I tifosi italiani potranno tifare solo per Mandzukic, Perisic, Matuidi, Brozovic o magari Pogba, ma non per un fischietto tricolore. Il fiorentino Gianluca Rocchi, che era uno dei candidati per dirigere la finalissima dei Mondiali di calcio a Mosca tra Francia e Croazia, non è stato prescelto dalla Fifa per arbitrare l’ultimo atto al Luzhniki Stadium della capitale russa.

Il direttore di gara fiorentino, con ogni probabilità, ha pagato l’orientamento della Fifa di bilanciare la presenza in campo con appartenenti a Federazioni non europee, visto che la terna prescelta è argentina, con Nestor Pitana che fischierà il match più importante della propria carriera.

Ma c’è dell’altro, poichè nella valutazione complessiva dei vertici del calcio mondiale può avere influito anche il fatto che l’ultima finale iridata era stata diretta proprio da un italiano, Nicola Rizzoli, quattro anni fa sul terreno del Maracana di Rio de Janeiro (in campo Germania e Argentina).

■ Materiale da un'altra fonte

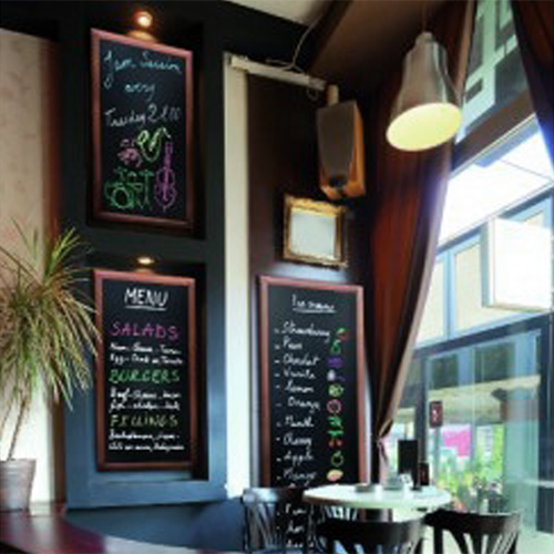De la un restaurant traditional la un club de noapte modern, bar sau magazin de vanzare cu amanuntul, exista intotdeauna un model care se potriveste. Suprafata de scriere neagra este simplu de sters si este rezistenta la UV, zgarieturi, pete sau decolorare. Rama din lemn are un design reversibil, iar lemnul dur lacuit este rezistent la apa si intemperii. Carligele de agatat sunt incluse in pret. Pentru un bun rezultat de comunicare durabila si impresionanta, utilizati markere cu creta lichida Securit®.

Prima di lui, in epoca recente, era toccato a Pierluigi Collina nel Mondiale 2002 (Brasile-Germania), disputato fra Corea del Sud e Giappone. Oltre a Pitana, Rocchi e Faghani, al quale è andata la finale per il terzo posto, c’era anche il brasiliano Sandro Ricci nella rosa dei candidati per la finalissima di domenica.

Pitana in questo Mondiale ha già arbitrato la partita inaugurale Russia-Arabia Saudita, Messico-Svezia, Croazia-Danimarca e Uruguay-Francia.